A human, sociological story that's going to bring about a better understanding between the races ... We're faithful to the story of the book but not the spirit. I mean, the book's hackwork, isn't it? It's almost repulsive. A lot of people have read it, but they read it for the wrong reasons. It's really a story of love. We had the script rewritten three times. ... I hated that ending in the book where the guy boils the slave down and pours the soup over his wife's grave. I mean, we have the slave boiled but we cut out the part where he pours the soup on his grave. He just ... pulls away. And we know that tomorrow there's going to be a lot of trouble. It's really a very beautiful ending.

=== Casting ===
Early in development, James Cagney was attached to play Warren and Muhammad Ali (then known as Cassius Clay) was offered, but declined, the role of Mede. Charlton Heston turned down the role of Warren and the role of Hammond was rejected by Timothy Bottoms, Jan Michael Vincent, Jeff Bridges and Beau Bridges. Boxer Ken Norton turned down a $250,000 gate to fight Jerry Quarry to make the film.

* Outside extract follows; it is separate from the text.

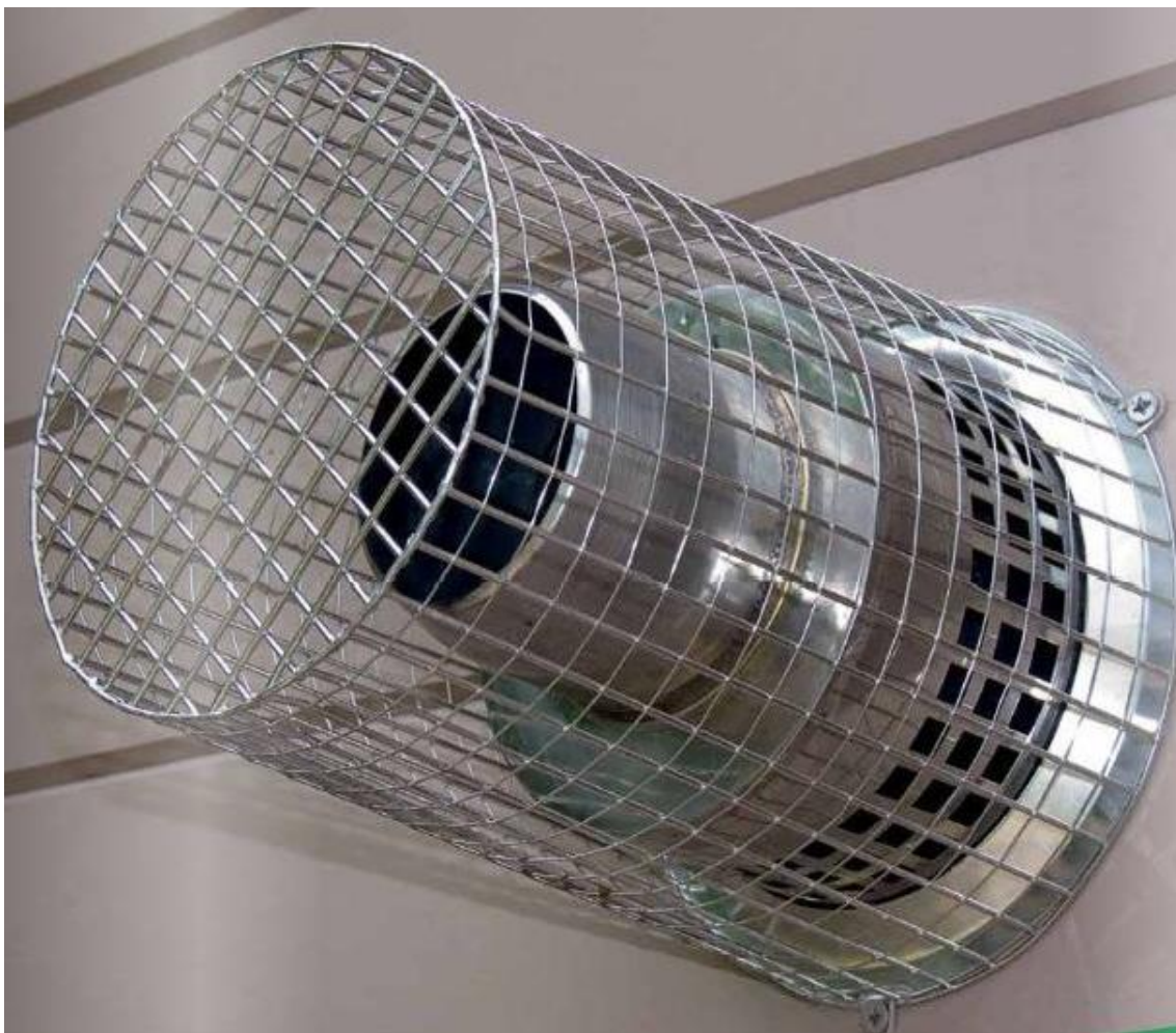
Flue outlet with protective guard fitted.

Sylvester Stallone appeared as an uncredited extra in the lynching sequence.

=== Filming ===
The majority of the film was shot primarily in Louisiana, with some additional sequences in San Juan, Puerto Rico. Houmas and Ashland Plantations provided the backdrop for the film's fictitious "Falconhurst". The slave auction scenes was filmed at the New Orleans Mint.

=== Music ===
The score was composed by Maurice Jarre. The opening title song, "Born in this Time", was written by Jarre and Hi Tide Harris, and performed by Muddy Waters.

== Reception ==

=== Contemporary reviews ===
The critical reception of Mandingo was predominantly negative upon release, with the film being seen as being campy by reviewers in 1975. On review aggregator website Rotten Tomatoes, the film holds a score of 25% based on 24 reviews, with an average rating of 5.6/10.

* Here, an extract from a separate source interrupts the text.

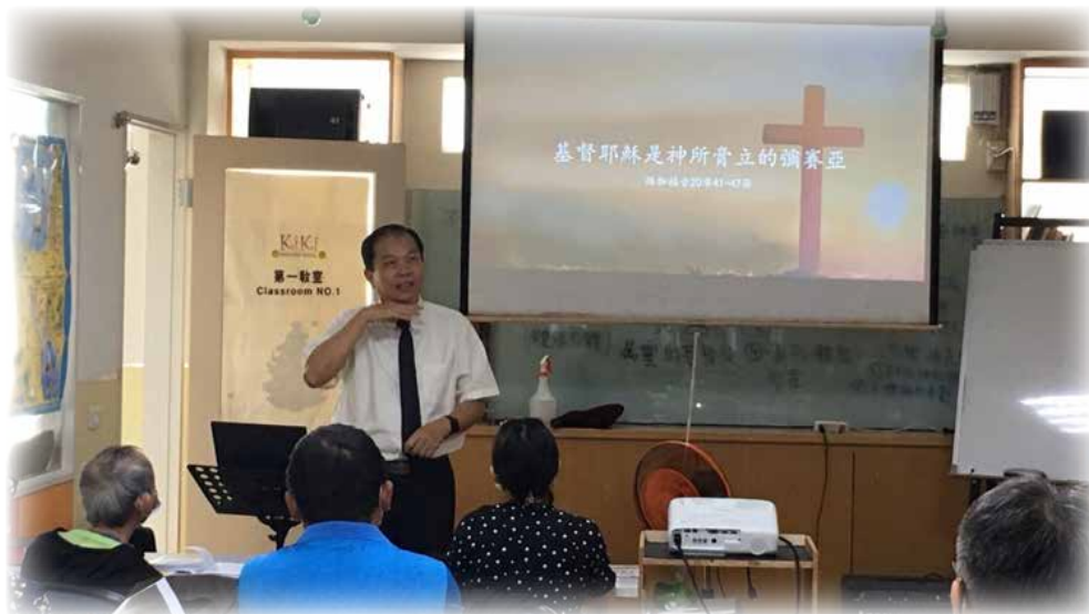
Teaching the word of God to the hearing-impaired brethren @Liu Bao Church.

Roger Ebert of the Chicago Sun-Times criticized the film, calling it "racist trash, obscene in its manipulation of human beings and feelings, and excruciating to sit through in an audience made up largely of children, as I did last Saturday afternoon", giving it a "zero star" rating. Richard Schickel of Time magazine found the film boring and cliché-ridden. Leonard Maltin ranked the film as a "BOMB" and dismissed with the word "Stinko!"

===Critical re-evaluation===
In the years following the film's initial release, the reception of the film became more favorable.

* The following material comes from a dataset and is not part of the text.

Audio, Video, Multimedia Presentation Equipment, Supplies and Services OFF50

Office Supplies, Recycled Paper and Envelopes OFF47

Jonathan Rosenbaum of Chicago Reader wrote in 1985 that Mandingo is "One of the most neglected and underrated Hollywood films of its era [...] it’s doubtful whether many more insightful and penetrating movies about American slavery exist." Critic Robin Wood was enthusiastic about the film, calling it "the greatest film about race ever made in Hollywood." New York Times columnist Dave Kehr called it "a thinly veiled Holocaust film that spares none of its protagonists", further describing it as "Fleischer's last great crime film, in which the role of the faceless killer is played by an entire social system." The film has also been the subject of scholarly praise for its handling of race.

In 1996, director Quentin Tarantino has cited Mandingo and Showgirls as the only two instances "in the last twenty years [that] a major studio made a full-on, gigantic, big-budget exploitation movie". In Tarantino's film Django Unchained (2012), the terminology of "Mandingo fighting" was inspired by the 1975 film.

==Sequel==

Drum, the sequel to Mandingo, was released the following year. Released by United Artists, it was once again produced by Dino De Laurentiis. Ken Norton, Brenda Sykes, and Lillian Hayman were the only actors from the first film to return for the sequel. Norton and Sykes played different characters, and Hayman returned in the role of Lucretia Borgia. Warren Oates took over for Perry King in the role of Hammond Maxwell. The story is set 15 years after the events of the first film.